Торговец галантерейными товарами. Открытка начала XX в. изд. «Шерер, Набгольц и К°». Частная коллекция
Кумов подвал был разительно схож с самим кумом. Оба они представлялись наблюдающему глазу немытыми и нечищенными от самого их сотворения.
И действительно: кума погладили один только раз во всю его семидесятилетнюю жизнь, и именно погладили в военной службе, и при всем том, что это глаженье уже известно какое бывало в старину, при всем том, что оно продолжалось не менее как тридцать годов, кум все-таки остался ничем более как саратовским мужиком, который хотя вволю насмотрелся разных людских хитростей, но из которых тем не менее сам он ни одной настолько не поинтересовался, чтоб изучить ее и в свою очередь повеселить ею добрых людей. Он даже не усвоил себе той кавалерской выправки, которая отличает всякого отставного солдата, и ежели у него и были длинные и густые черно-бурые усищи, так это были вовсе не те бравые, нафабренные, так называемые «разусы»{228}, которые так ухарски закорючены на смеющейся щеке разухабистого военного детины, а усы дугой, строгие, молчаливые, хохлацкие, так сказать, усы.

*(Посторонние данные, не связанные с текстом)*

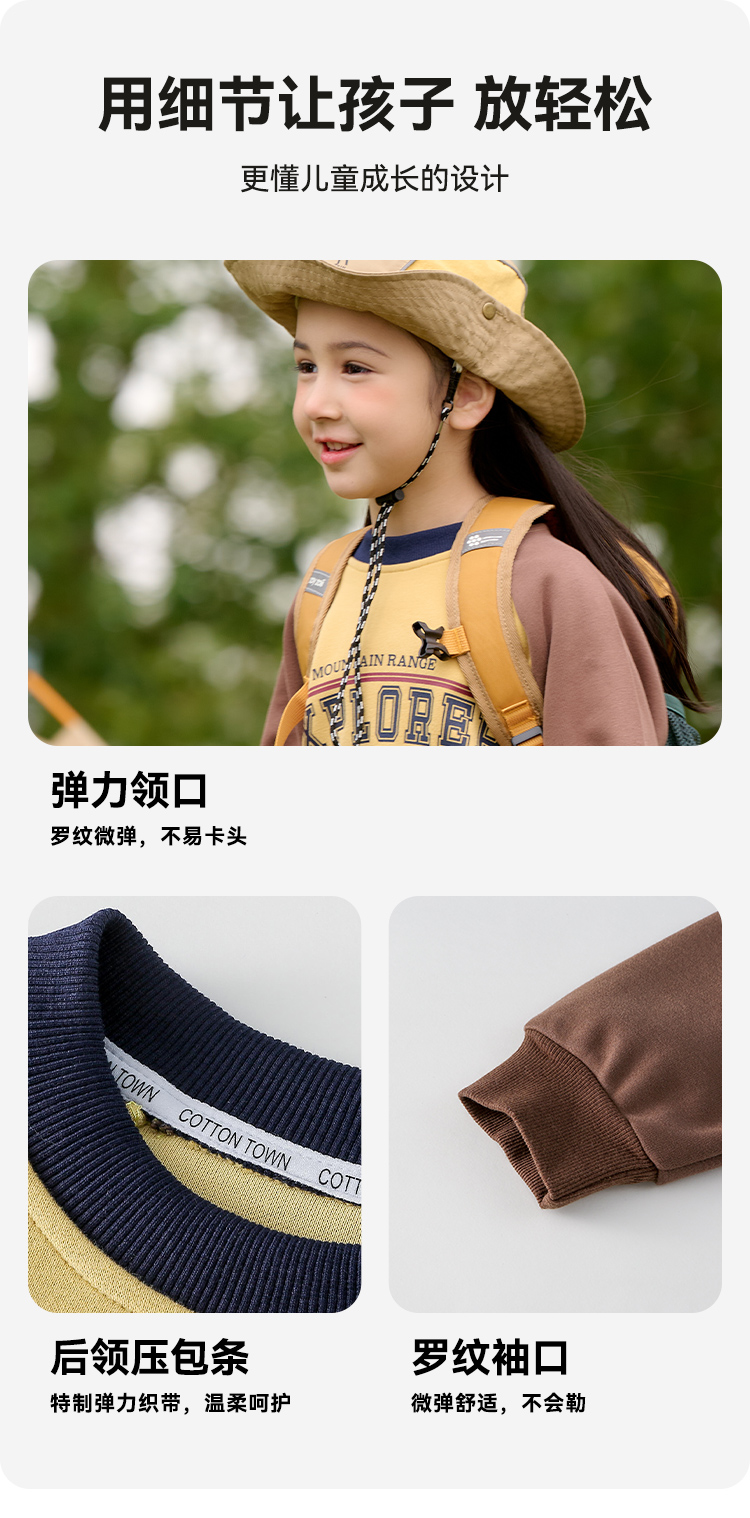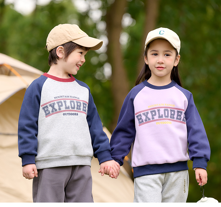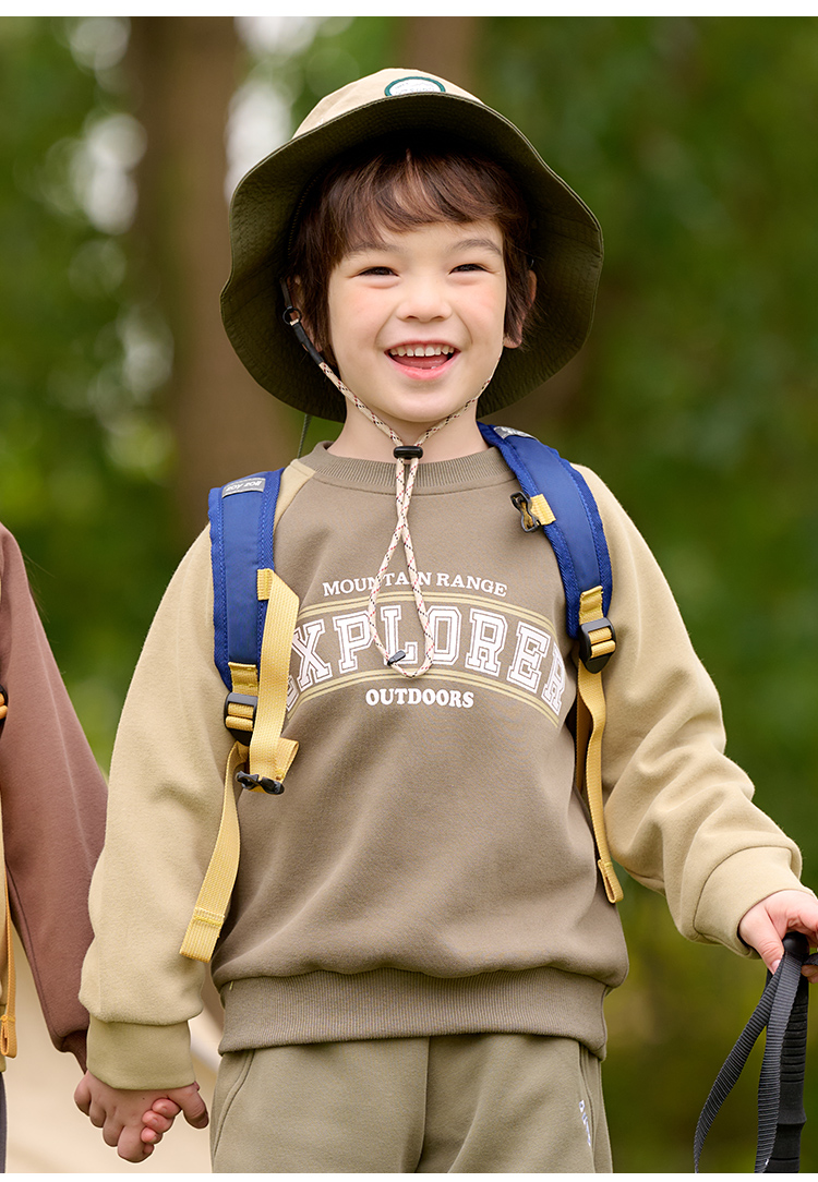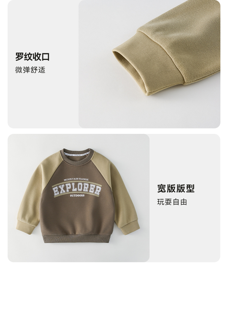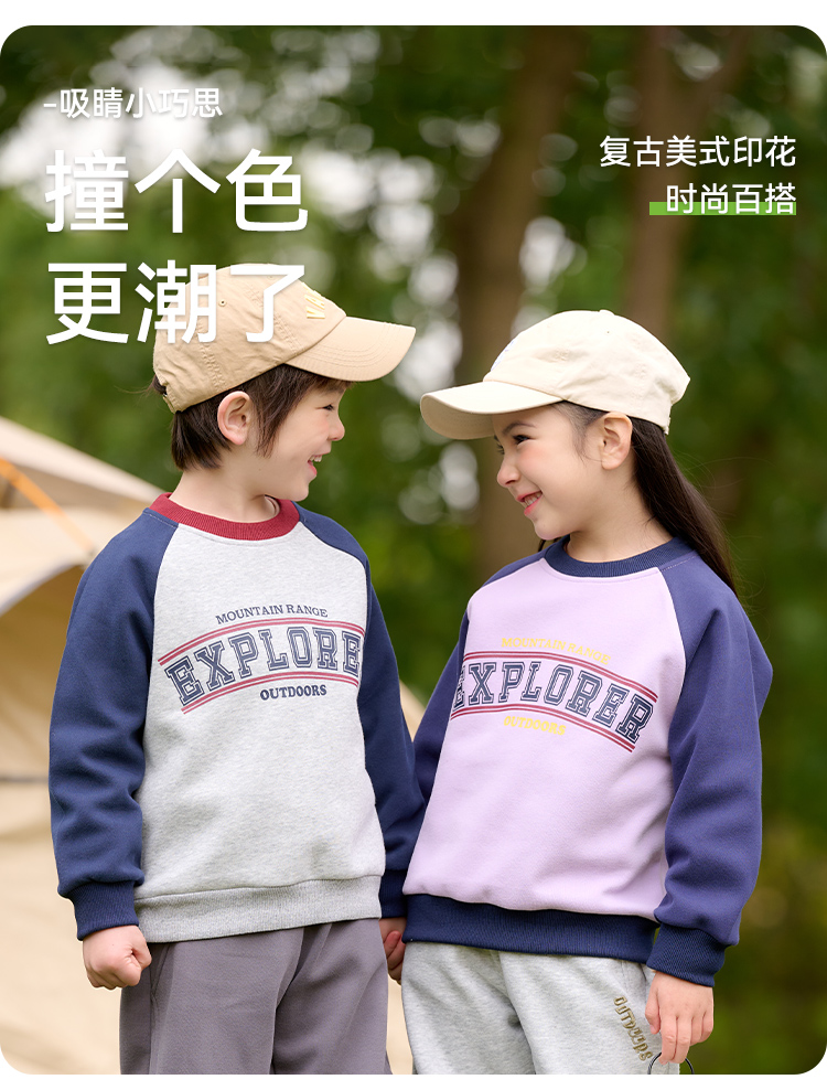 棉花堂2025年春款复古美式印花撞色针织圆领童装卫衣——F251024YX

Чуть ли еще не в год кумовой отставки пришли в Москву из глубины дмитровских дебрей толстые бревна, из которых на живую руку был сметан дом девственной улицы со своим подвалом, приютившим старика-солдата. И так как всякому известно, что каждый россиянин из самого отличного материала делает самые скверные вещи, то хозяин, сгубив столетнюю лесную красоту на построение своей безобразной домовины, глубоко задумался собственно над той мыслью, что в подвал-то, пожалуй, ни одного жильца не заманишь. Так поражены были даже невзыскательные глаза московского домохозяина неуклюжестью подвала и каким-то гневным унынием, воцарившимся в нем с первых дней его постройки…
Опечалился хозяин при взгляде на дело рук своих до того даже, что стал служить молебны об изгнании из хоромины некоего, как он говорил, «унывного» духа, нагонявшего на него оторопь; но, несмотря ни на что, дух, вероятно, в видах покарания хозяйского безобразия, испортившего столько прекрасных деревьев, из хоромины не выходил. Слышали даже соседские кухарки и рассказывали об этом под секретом, что по ночам словно бы плачет кто в том подвале, шепчет что-то неразборчивое и временами, редко впрочем, хохочет чему-то…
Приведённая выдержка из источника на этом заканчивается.